How I meal-prep in hostel kitchens for a week at a time

The budget travel medical kit that I've refined over 10 years of travel and what each item has actually treated.

Ibuprofen 400mg: treated headaches, minor injuries, altitude headaches (take preventively during ascent, not after symptoms start), menstrual pain. Used on approximately 80% of trips.

Loperamide (Imodium): treated traveler's diarrhea in situations where being incapacitated wasn't an option (long bus journeys, flights, important day plans). Critical note: this treats the symptom, not the cause — if diarrhea is accompanied by fever or blood, see a doctor.

Oral rehydration salts: treated the dehydration component of stomach illness, heat exhaustion in Vietnam in July. Effective and cheap.

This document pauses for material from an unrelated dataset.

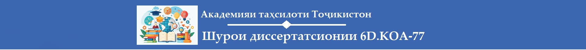 Шурои диссертатсионии 6D.КОА-077 ҷиҳати дарёфти дараҷаи илмии доктори фалсафа (PhD) – доктор аз рӯйи ихтисосҳои 6D010300 – Педагогика ва психология (6D010301 – Педагогикаи умумӣ, таърихи педагогика ва таҳсилот) ва 6D011800 – Забон ва адабиёти рус (6D011801.01 – Назария ва методикаи омӯзиш (таҳсилоти миёнаи умумй)) ва оид ба дарёфти дараҷаҳои илмии номзади илмҳои педагогӣ ва доктори илмҳои педагогӣ аз рӯйи ихтисоси 13.00.00 – Илмҳои педагогӣ (13.00.01 – Педагогикаи умумӣ, таърихи педагогика ва таҳсилот ва 13.00.02 – Назария ва методикаи таълиму тарбия (13.00.02.05 – Назария ва методикаи фанҳои ҷамъиятӣ (таҳсилоти миёнаи умумӣ)) дар назди Академияи таҳсилоти Тоҷикистон таъсис дода шудааст.

Antifungal powder: treated foot fungus acquired from hostel showers. Worth including if you're in warm climates with communal shower situations.

Antihistamine (cetirizine): treated insect bites, minor allergic reactions, helped with sleep on long overnight journeys. Inexpensive and multipurpose.

Bandages and blister patches: used on approximately 90% of trips. Walking 10-15km/day on travel days produces blisters. Compeed blister patches are vastly superior to standard bandages for foot blisters.

Antiseptic wipes: cleaned minor cuts and scrapes in situations where running water wasn't immediately available.

Items I no longer carry: malaria prophylaxis (carry prescription for at-risk destinations, fill locally), prescription antibiotics (occasionally useful but require a prescription anyway).

The total weight and volume: fits in a small ziplock bag, approximately 200g. Worth every gram.